На лице Рогарита проступила суровая жёсткость. Он встал и перекрестился:
– Что ж, на всё воля Божья, – повернулся и ступил на тропу в крепость.
– Вот как тебя убедить? – Агилульф поднялся и крикнул вслед: – Ради нашего отца, ведь если бы не он, тебе никогда не стать епископом.
Брат не замедлил шага, даже не обернулся: то ли не услышал, то ли уже всё для себя решил. Агилульф долго смотрел вслед, а затем отправился в Голубиную рощу. Там – среди шумных дубов, холмиков могил и стаи деревянных птиц, чьи столбики и фигурки потемнели от времени, – у свежевыструганного голубя застыла согнутая скорбью женская фигура. Лишь её жакет и складчатую коричневую юбку шевелил ветерок, и она, казалось, дрожала, как и листва на деревьях.
– Здравствуй, Гиза, – встал Агилульф рядом с женщиной со спутанными посеревшими волосами, как будто само горе прошлось по ним мёртвым гребнем тоски и печали, надломив каждую прядь.
– Значит, он остался где-то там, куда рвётся полететь эта птица, – сказала Гиза, не взглянув в его сторону.
– Да, – кивнул Агилульф, – он сейчас пьёт медовое пиво с Вотаном и другими храбрыми воинами.
– Он любил с горчинкой. Ему такого нальют? – повернула она лицо к Агилульфу, отчего он зачесал бритый затылок. – Мне запомнился тот день, когда ты родился… Накануне ночью звёзды крутились вокруг луны, – отвела Гиза взгляд, – а вечером волки, что последние два месяца бродили в округе, казалось, полезут внутрь… Они так выли. Сильней кричала только твоя мать, – покачала головой, словно до сих пор слышала тот вой и те крики.

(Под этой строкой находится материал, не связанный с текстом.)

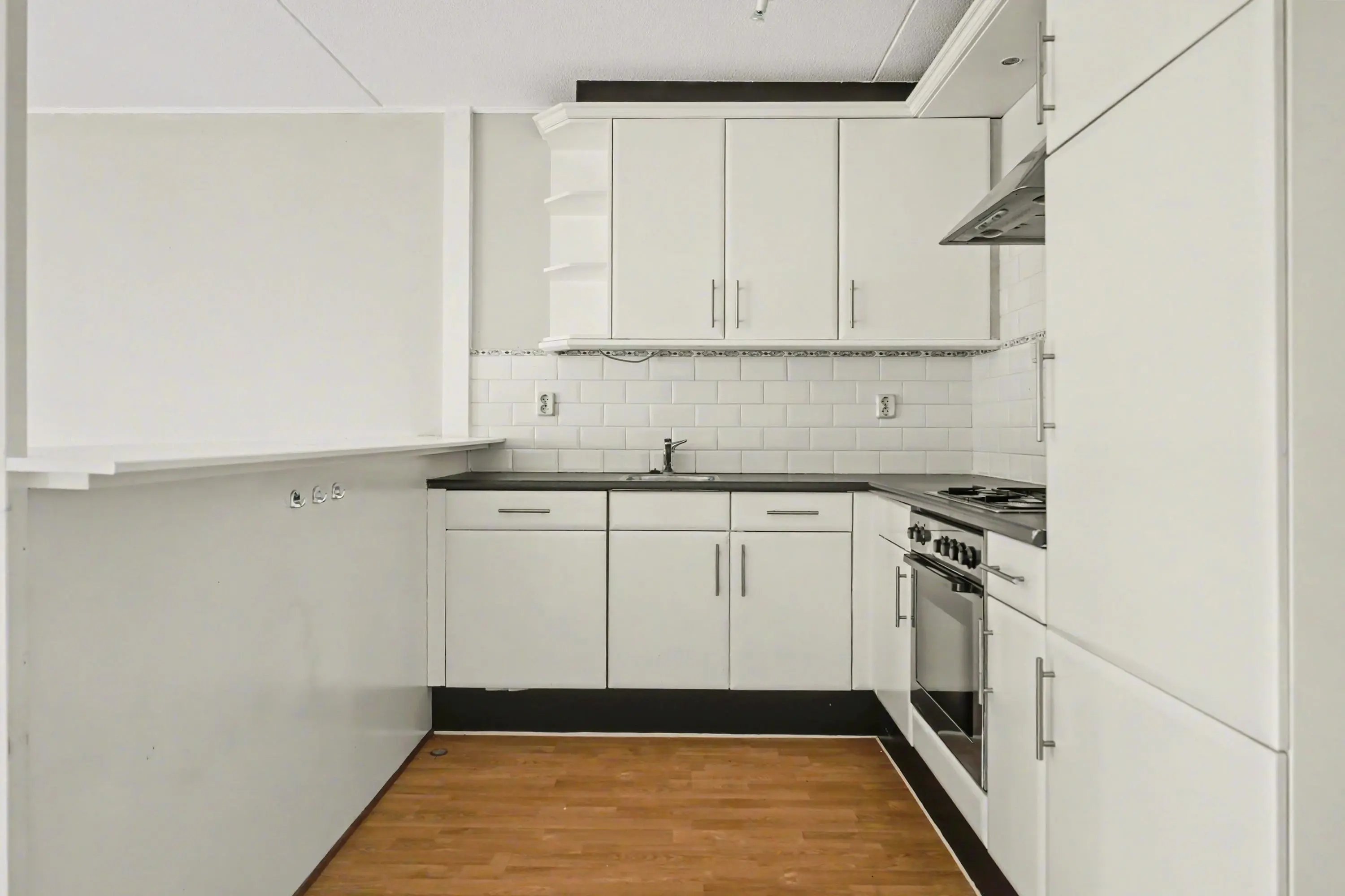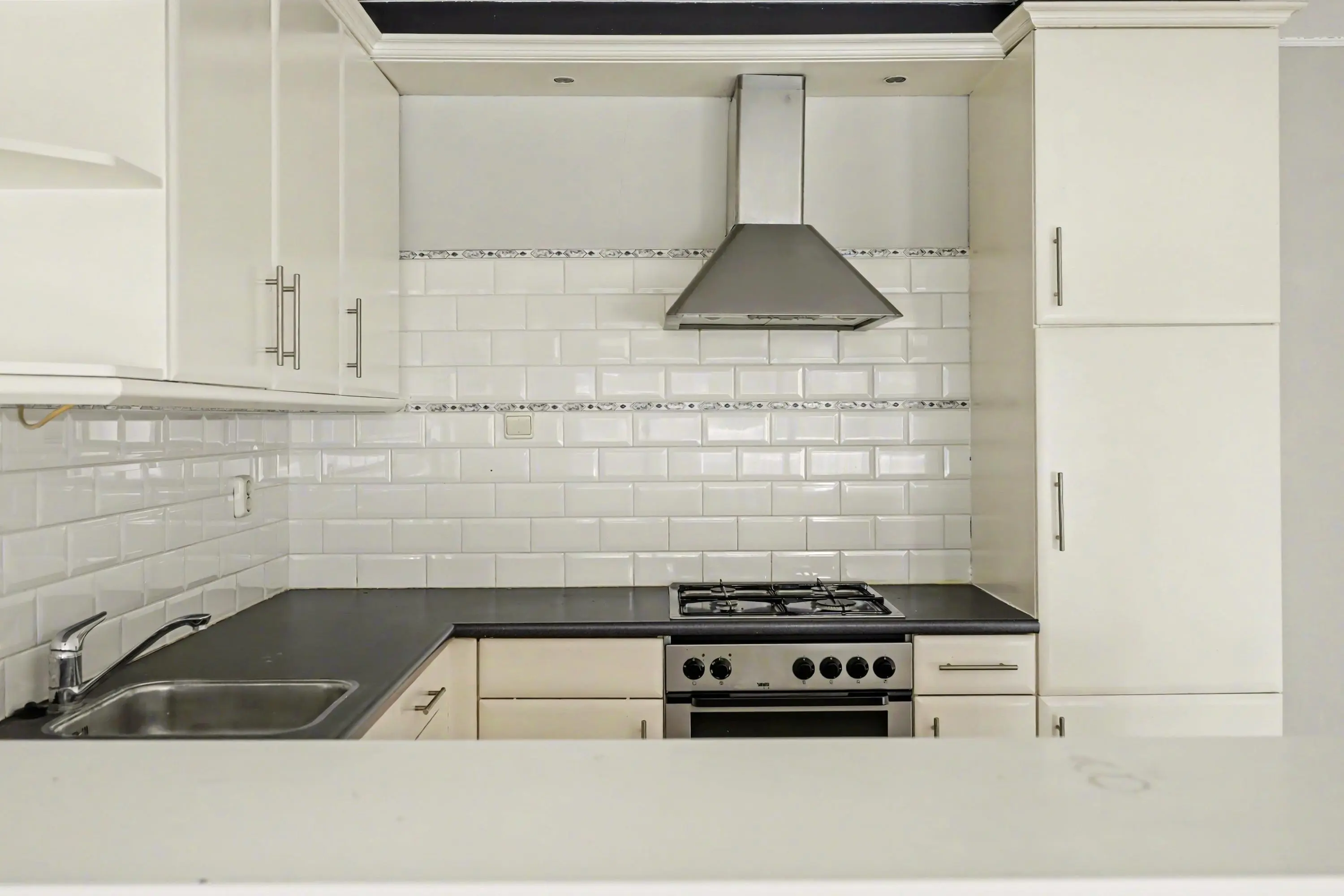 De keuken is eenvoudig maar functioneel en in een hoekopstelling geplaatst. Deze is voorzien van diverse inbouwapparatuur en biedt voldoende werk- en bergruimte voor dagelijks gebruik.

Пока она говорила, Агилульф теребил бороду, скрещивал руки на груди, засовывал ладони за пояс, а его стопы мяли траву под ним. Если бы Гиза зарыдала, если бы хоть одна слеза вытекла из её глаз, то ушёл бы немедля, но голос её звучал тихо и буднично, а потому как зачарованный смотрел на её морщинистые пальцы, что касались соснового голубя. Она словно ждала, что птица обернётся Ольфом.
– …Вечером он пришёл ко мне, сел рядом, взял за руку и не отпускал. И ночь была тихая-тихая: волки ушли, а он остался со мной… и долго был рядом… до сего времени. Знаю, его смерть необходима, но можно ли было избежать хоть одной из этих? – она обвела рукой около сотни деревянных птиц, что взлетали во всех направлениях среди угрюмого полумрака под вековыми дубами.
***
На третий день с рассветом начался таг.
Солнце приближалось к зениту. Дозорный раз за разом поглядывал на западную стену. Предполуденные лучи разогревали ему плечи и спину, так же, как и что происходит на таге – его любопытство.
По дороге от тёмной стены лесов, за которыми высились горы с белыми вершинами, приближались два всадника.
Когда Ирм с Бёрном въехали в крепость, дозорный уговорил Ирма подняться, чтобы поболтать о походе. И вот, почёсывая бороду, растрёпанную ветром, он дивился причудам Лесной Девы.
Ирм рассказал ему, как в полумиле от стоянки гепидов нашли скот; как к концу дня отряд встретил Хагана и Бёрна, которые задержали ранее пленённых крестьян: они возвращались назад в деревню. Крестьяне поведали о том, что Лесная Дева с братьями увели их из лагеря, опоив дурманом гепидов.
…Дозорный обернулся на скрип пустой повозки, покидавшей крепость; у конюшни фыркали лошади. Марпий снимал с них сбрую, и они прядали ушами и мотали хвостами. Ирм уже прошёл мимо пустой площади. Все отправились на таг. В остальном крепость жила как в обычные дни: въезжали-выезжали повозки, дымили кухня и кузница, сновали туда-сюда слуги.
Западные ворота остались у Ирма за спиной, и он ступил к подножию пригорка с поляной для тага. Вокруг неё уже расселись зеваки. Справа от тропы к валунам, на которых сидели вожди фаров, на траве, устроился Лег и в задумчивости ерошил волосы.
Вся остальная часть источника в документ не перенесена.